Tap terms for definitions

01Overview

This lecture teaches two pillars you need before building language models: how to use PyTorch effectively and how to do resource accounting responsibly. PyTorch is a popular deep learning library that works with tensors—multi‑dimensional arrays of numbers—and can run its computations on both CPUs and GPUs. You learn how to create tensors from lists, specify data types (like 32‑bit floats or 64‑bit integers), and build special tensors full of zeros, ones, or random values. You also practice basic math operations (addition, subtraction, multiplication, division) that are element‑wise by default, and you learn how to do matrix multiplication with torch.matmul when shapes line up. Beyond math, you learn how to reshape tensors without changing their underlying data and how to index and slice to pick out elements or ranges.

The lecture’s second half focuses on automatic differentiation (autograd). This is the engine that computes gradients—the slopes that tell you how to adjust your model’s parameters to reduce error—so you can train models. By marking tensors as requires_grad=True, PyTorch builds a computation graph as you do operations. When you compute a loss and call .backward(), PyTorch runs backpropagation, which is just the chain rule from calculus applied repeatedly from the loss back through each operation. The result is that parameter tensors (like weights and biases) get their gradients filled in x.grad, w.grad, etc., and you can update them with a simple rule like param -= learning_rate * param.grad.

To make all this concrete, the lecture walks through a linear regression example. Linear regression predicts y from x using a straight line y_hat = w * x + b. You define w and b as tensors with requires_grad=True, compute predictions, measure error with mean squared error (MSE), call backward to get gradients, and update w and b. Repeating this loop reduces the loss. This mirrors the pattern used for neural networks and language models: forward pass, compute loss, backward pass, update parameters. Finally, you see how to accelerate these steps by moving tensors and models to a GPU with .to(device), which can make training much faster.

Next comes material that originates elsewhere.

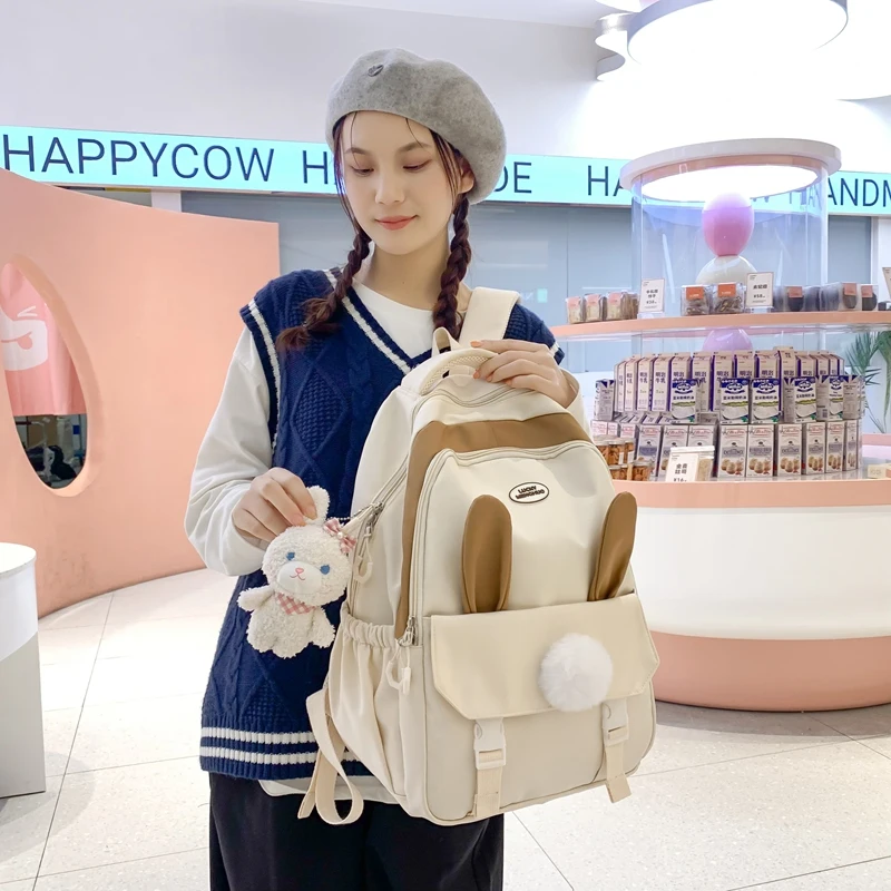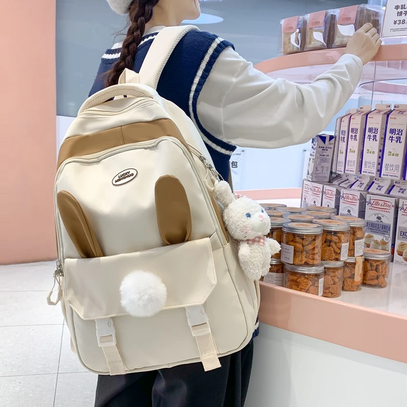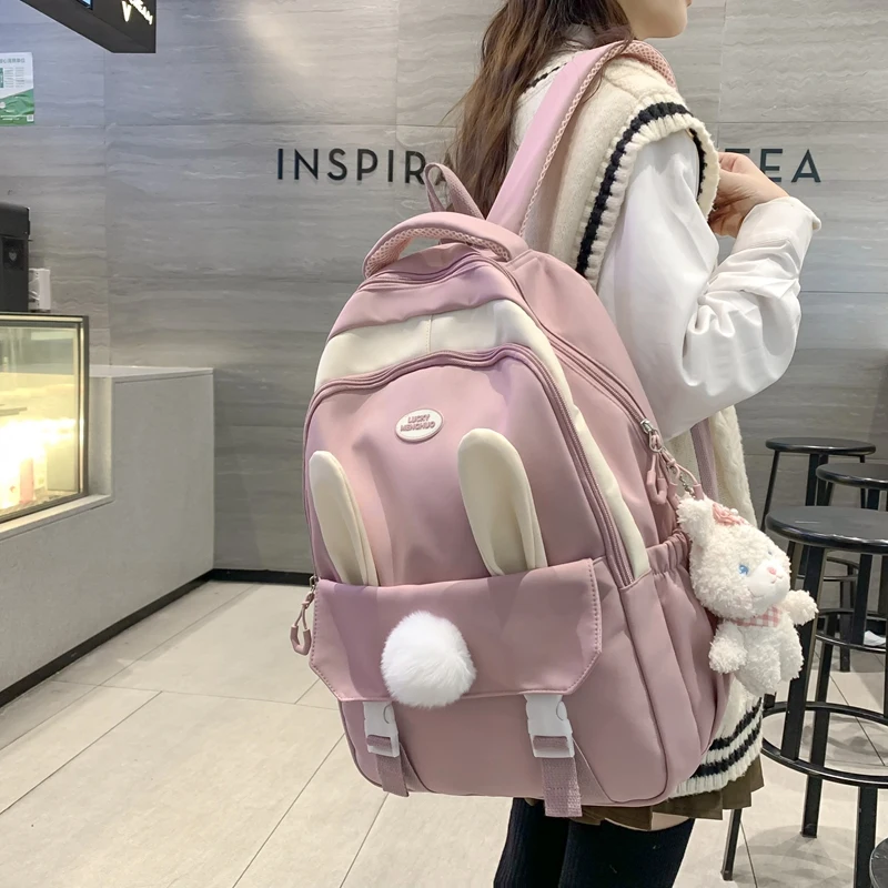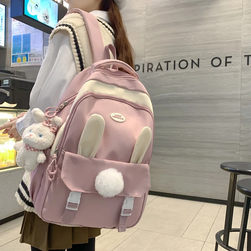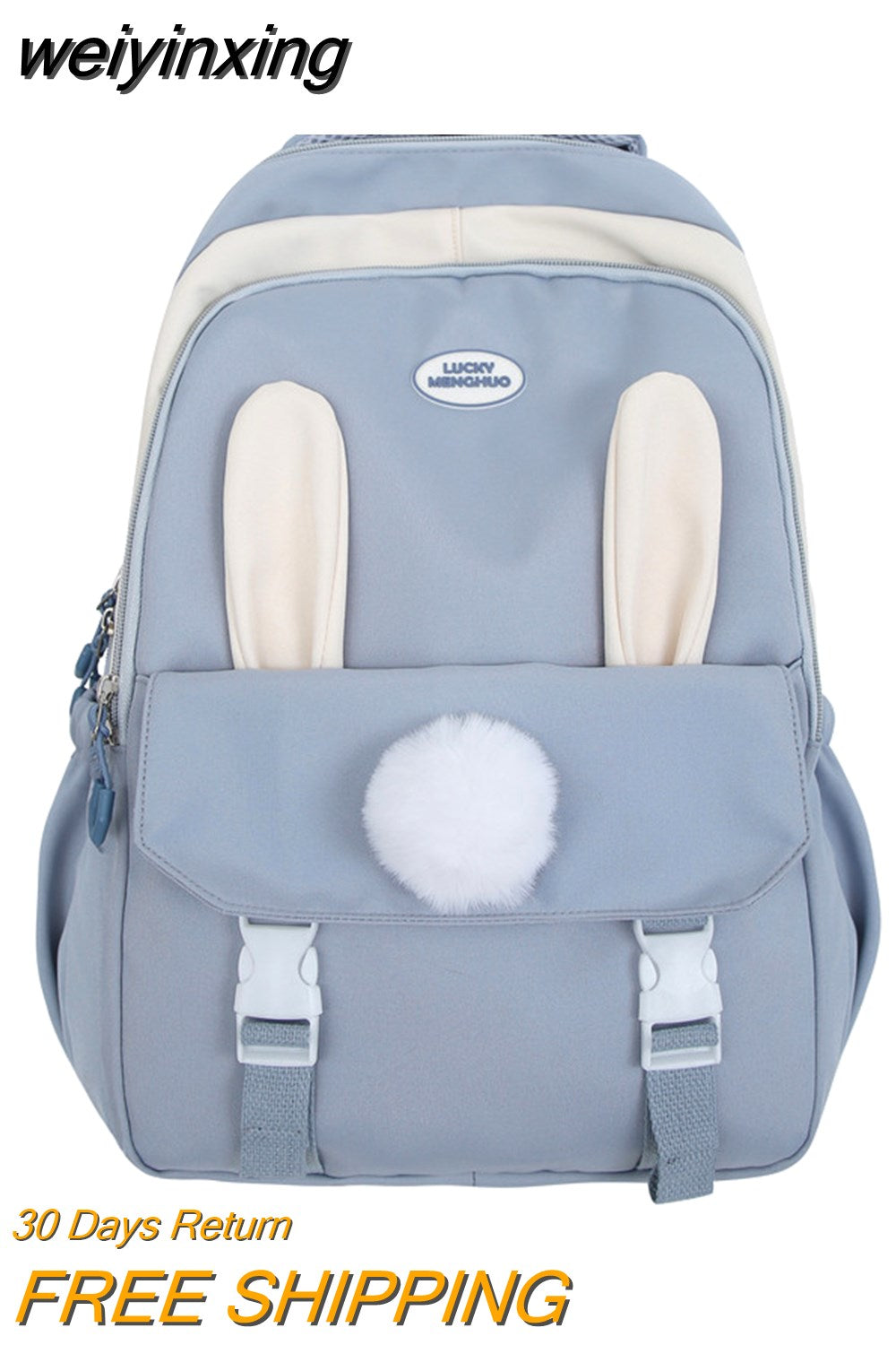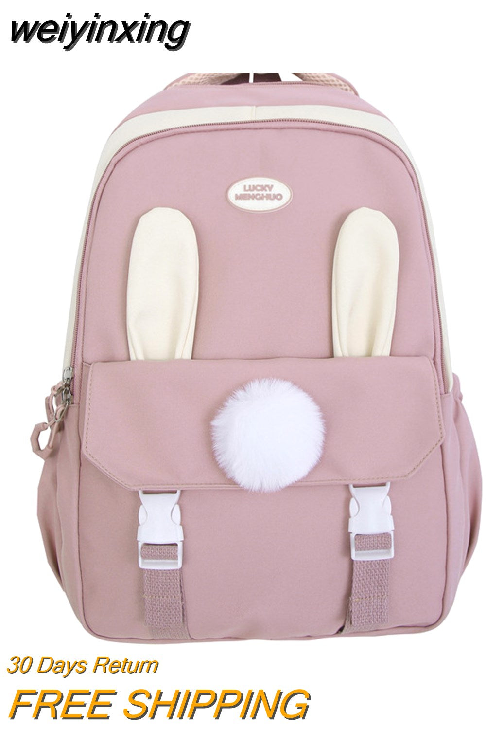 weiyinxing Fashion Kawaii Girls Bookbag Cute Rabbit Design Waterproof School Bag Women Backpack for Teens Rucksack Travel Mochila

The second pillar is resource accounting: tracking compute, memory, and data so you can train large models safely and cost‑effectively. Compute can be measured in time or in FLOPs (floating‑point operations). Memory is measured in bytes and includes model parameters, activations, and optimizer states. Data is measured in bytes or tokens—the units language models actually process. You use profilers (e.g., PyTorch Profiler and NVIDIA Nsight) to measure compute and memory hotspots and then optimize. Strategies to reduce compute include using smaller models and smaller batch sizes; tuning learning rate thoughtfully also affects how efficiently you reach good performance. Memory can be reduced with smaller models, smaller batches, lower‑precision data types like float16, and gradient checkpointing, which saves memory by not storing every intermediate activation and recomputing some during backpropagation. Data usage can be reduced with smaller datasets, careful augmentation (when appropriate), or transfer learning—starting from a model trained elsewhere and fine‑tuning it on your task with fewer tokens.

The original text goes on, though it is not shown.